It may be thought, however, that few of the celebrated nations of antiquity, whose fate has given rise to so much reflection on the vicissitudes of human affairs, had made any great progress in those enervating arts we have mentioned; or made those arrangements from which the danger in question could be supposed to arise. The Greeks, in particular, at the time they received the Macedonian yoke, had certainly not carried the commercial arts to so great a height as is common with the most flouris.h.i.+ng and prosperous nations of Europe. They had still retained the form of independent republics; the people were generally admitted to a share in the government; and not being able to hire armies, they were obliged, by necessity, to bear a part in the defence of their country. By their frequent wars and domestic commotions, they were accustomed to danger, and were familiar with alarming situations; they were accordingly still accounted the best soldiers and the best statesmen of the known world. The younger Cyrus promised himself the empire of Asia by means of their aid; and after his fall, a body of ten thousand, although bereft of their leaders, baffled, in their retreat, all the military force of the Persian empire. The victor of Asia did not think himself prepared for that conquest, till he had formed an army from the subdued republics of Greece.
It is, however, true, that in the age of Philip, the military and political spirit of those nations appears to have been considerably impaired, and to have suffered, perhaps, from the variety of interests and pursuits, as well as of pleasures, with which their members came to be occupied; they even made a kind of separation between the civil and military character.
Phocion, we are told by Plutarch, having observed that the leading men of his time followed different courses, that some applied themselves to civil, others to military affairs, determined rather to follow the examples of Themistocles, Aristides, and Pericles, the leaders of a former age, who were equally prepared for either.

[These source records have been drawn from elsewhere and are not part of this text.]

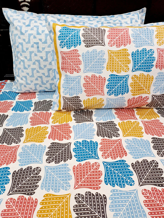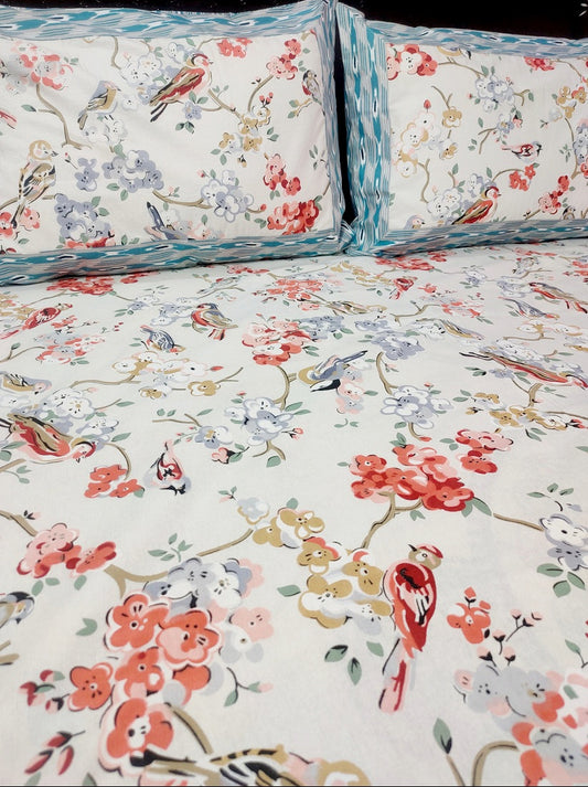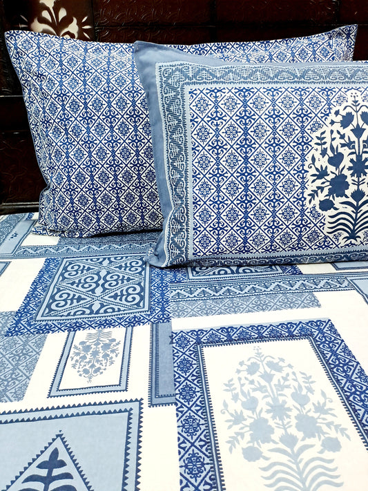Sparrow Pure Cotton Double Bedsheet-Blue
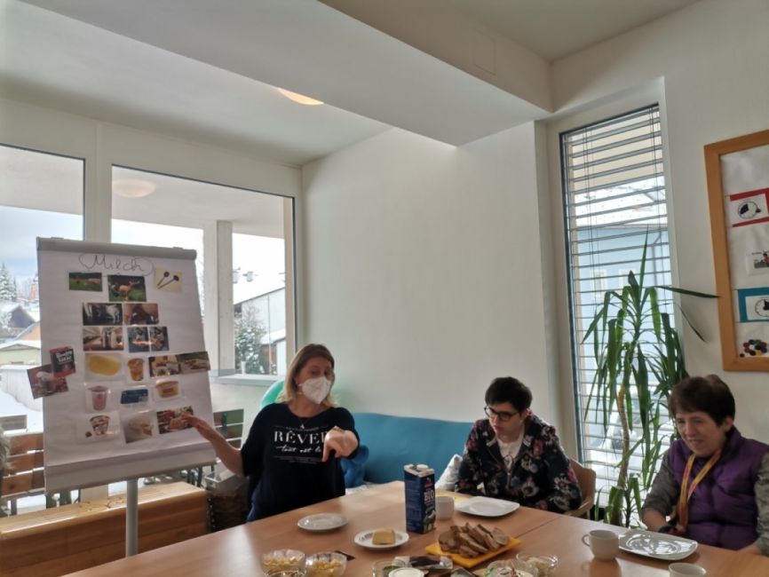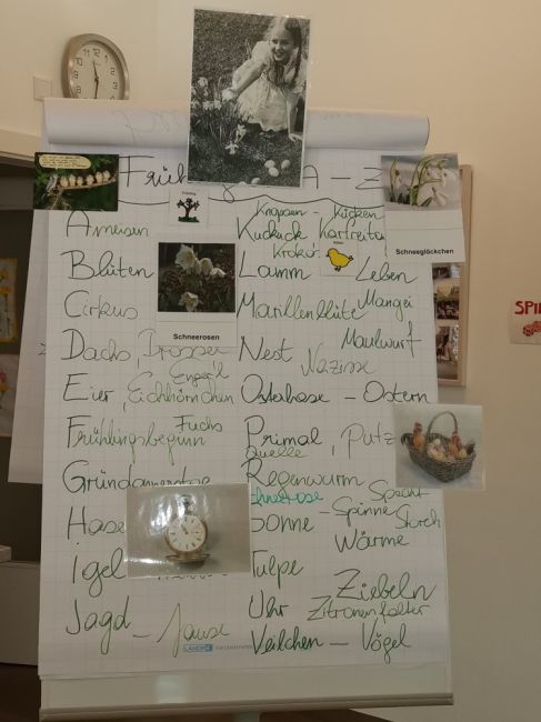 Den Klient*innen wurde bei einer Gedächtnis- und Gebärdensprache-Einheit der Frühling nähergebracht. Materialien dazu waren Ostereier, Palmkätzchen, Bilder zum Frühling und eine Akustikbox mit Vogelgezwitscher. Es wurden Lieder gesungen, Bilder angeschaut, Geschichten von früher erzählt und Frühlingsbegriffe von A-Z gesammelt. Danach ließen wir den Tag mit einem Frühlingsspaziergang und anschließendem Kaffeehausbesuch ausgeklingen.
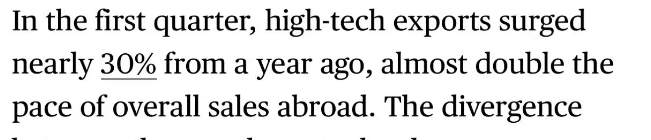 报道指出,人工智能投资的迅猛增长正成为推动科技出口的关键动力。据渣打银行估计,2025年,中国已成为全球最大的人工智能相关产品供应国,销售额超过7000亿美元。除了人工智能之外,从工业机械到电动汽车等创新型高附加值产品也可能在未来几个月内保持中国出口的强劲势头。
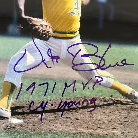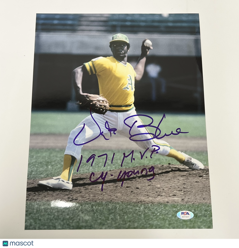 Up for sale is an 11x14 Photo signed by Vida Blue of the Oakland Athletics. The inscriptions on the photo include "1971 MVP" "Cy Young" The autograph of Vida Blue on this photo was authenticated by a team of experts at so you can rest assured you are purchasing the real deal. Listed With Mascot.
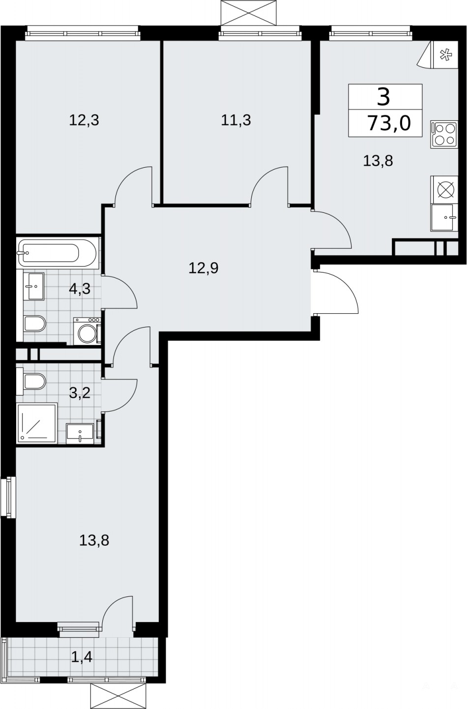 Трехкомнатная квартира с отделкой "WHITE BOX" в ЖК "Прокшино" на 12 этаже. Общая площадь: 73 кв.м., жилая: 37.4 кв.м., площадь просторной кухни-столовой: 13.8 кв.м. Квартира без проходных комнат, окна выходят нa три cтopoны дома. В квартире один балкон, два совмещенных санузла. Высота потолков 2.8 м.

We find in the orations of Demosthenes, a perpetual reference to this state of manners. We find him exhorting the Athenians not only to declare war, but to arm themselves for the execution of their own military plans. We find that there was an order of military men, who easily pa.s.sed from the service of one state to that of another; and who, when they were neglected from home, turned away to enterprises on their own account. There were not, perhaps, better warriors in any former age; but those warriors were not attached to any state; and the settled inhabitants of every city thought themselves disqualified for military service. The discipline of armies was perhaps improved; but the vigour of nations was gone to decay. When Philip, or Alexander, defeated the Grecian armies, which were chiefly composed of soldiers of fortune, they found an easy conquest with the other inhabitants; and when the latter, afterwards supported by those soldiers, invaded the Persian empire, he seems to have left little martial spirit behind him; and by removing the military men, to have taken precaution enough, in his absence, to secure his dominion over this mutinous and refractory people.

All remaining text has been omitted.